Иван Александрович Гончаров. Из письма Е. А. и М. А. Языковым. Портсмут, 8 (20) декабря 1852 года:
Терпимость — великое достоинство или, лучше сказать, совокупность достоинств, обозначающих в человеке характер, стало быть, все.
Иван Александрович Гончаров. Из письма Н. А. Гончарову. Петербург, 25 мая (6 июня) 1857 года:
Если ты продашь дом, то придержись моего совета деньги прятать, и притом на свое имя, чтобы они перешли к детям, а не на имя жены. Я не насчет одной только жены твоей говорю, а вообще о всех женщинах: разумею так, что чем меньше им доверяешь, тем лучше. Особенно деньги проходят у них сквозь пальцы и быстро обращаются в тряпки. Иная мать или жена и любит мужа и детей, а деньги не убережет, по легкомыслию и незнанию им цены и в надежде на какие-то будущие, несуществующие блага. Поэтому деньги прячь и в руки женщинам отнюдь не давай: благоразумных из них, например, таких, как наша покойная мать, сыщешь немного.
Иван Александрович Гончаров. Из письма к Е. П. Левенштейн. Петербург, конец 1860-х годов:
Родства я близкой связью не считаю, если оно не укреплено симпатией и согласием.
Иван Александрович Гончаров. Из письма Е. А. и С. А. Никитенко. Булонь, 16 (28) августа 1860 года:
Говорят, надо довольствоваться миром и людьми, как они есть: с этим я согласиться но могу. Можно снисходить ко всему этому, пожалуй, с христианской и гуманной точки зрения, даже любить все-таки, несмотря ни на что, но быть покойным и принимать, что это так и должно быть, довольствоваться — я не могу, по тем самым причинам, кои и Вы благоволили заметить во мне. Если нечего уважать или некого, то все-таки во мне этим не уничтожается способность уважения, и если эта способность в человеке есть, если она врожденна, нужна ему, значит есть что-нибудь, что должно быть уважаемо.
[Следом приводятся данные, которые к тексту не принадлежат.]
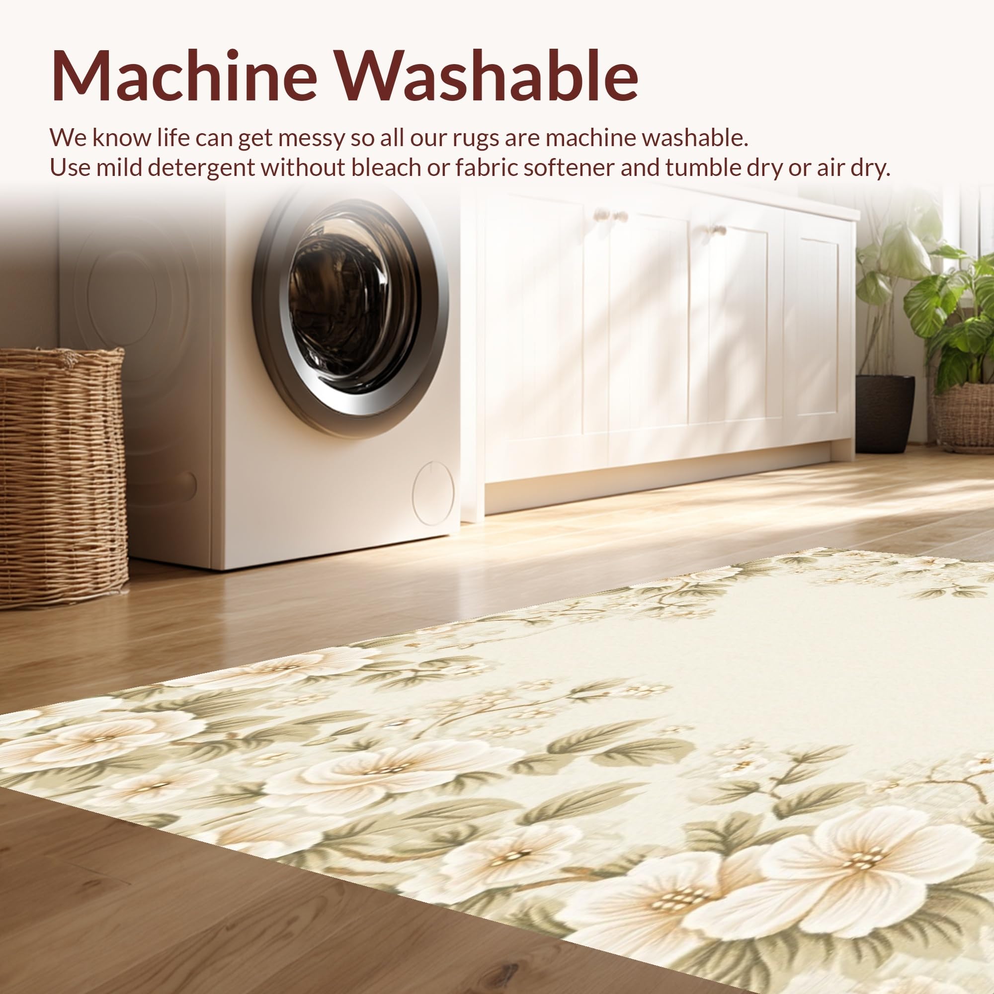 - Machine Washable: Our rugs can be easily thrown in the wash machine.
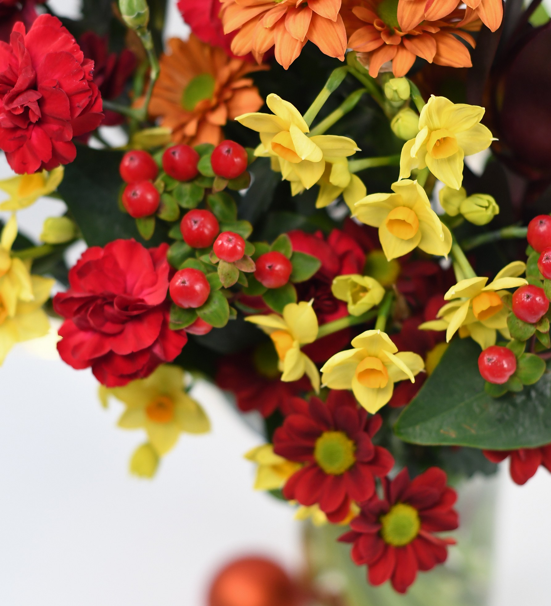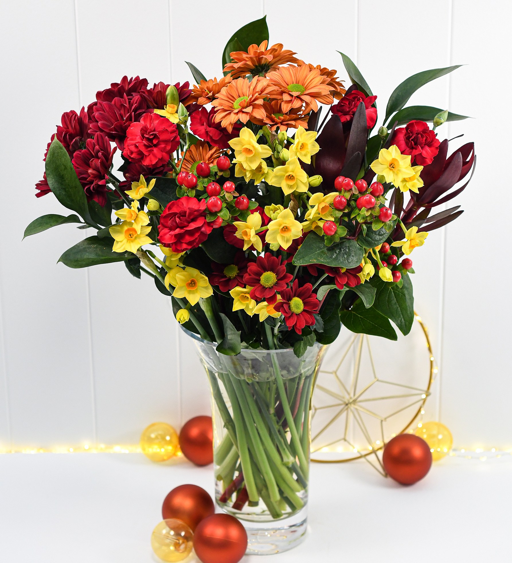 The festive posy bouquet has a traditional red theme with plenty of cheery yellow island grown scented narcissi. As well as scented narcissi in the bouquet you will find: rich red chrysanthemums, alstroemeria and festive berries combined with vibrant yellow craspedia and solidago all backed with wispy eucalyptus foliage.

Но если я не лезу на стену оттого, что все так жалко на сем свете, то, по крайней мере, считаю себя вправе чувствовать ту невольную тоску, холод и немые страдания, переходящие в равнодушие.
Иван Александрович Гончаров. Из письма С. А. Никитенко. Булонь, 21 августа (2 сентября) 1866 года:
Можно ли любить одну внутреннюю красоту, одну идею ее? Мы и любим совершенство нравственное — на этом основана наша любовь к Богу, как к идеалу этого совершенства. Но это уже любовь нечеловеческая, это — благоговение — и такою любовью христианину только и позволительно любить одного Бога, даже этой любви надо принести в жертву все другие. Да и сам Бог воплотился — и только с появлением спасителя и явилась заповедь любви — к Богу.
Мыслящий, наблюдательный ум и человек с глубокой душой, даже не будучи христианином, непременно должен прийти вследствие жизненного опыта к этой мысли и убеждению, то есть к непрочности всех земных привязанностей, в их призрачности, и непременно воспитает в себе сильное подозрение, что в нас есть что-то, что нас привязывает и призывает к чему-то невидимому, что мы, несмотря ни на какой разврат мысли и сердца, не потеряем никогда этого таинственного влечения, связующего нас с мировой силой.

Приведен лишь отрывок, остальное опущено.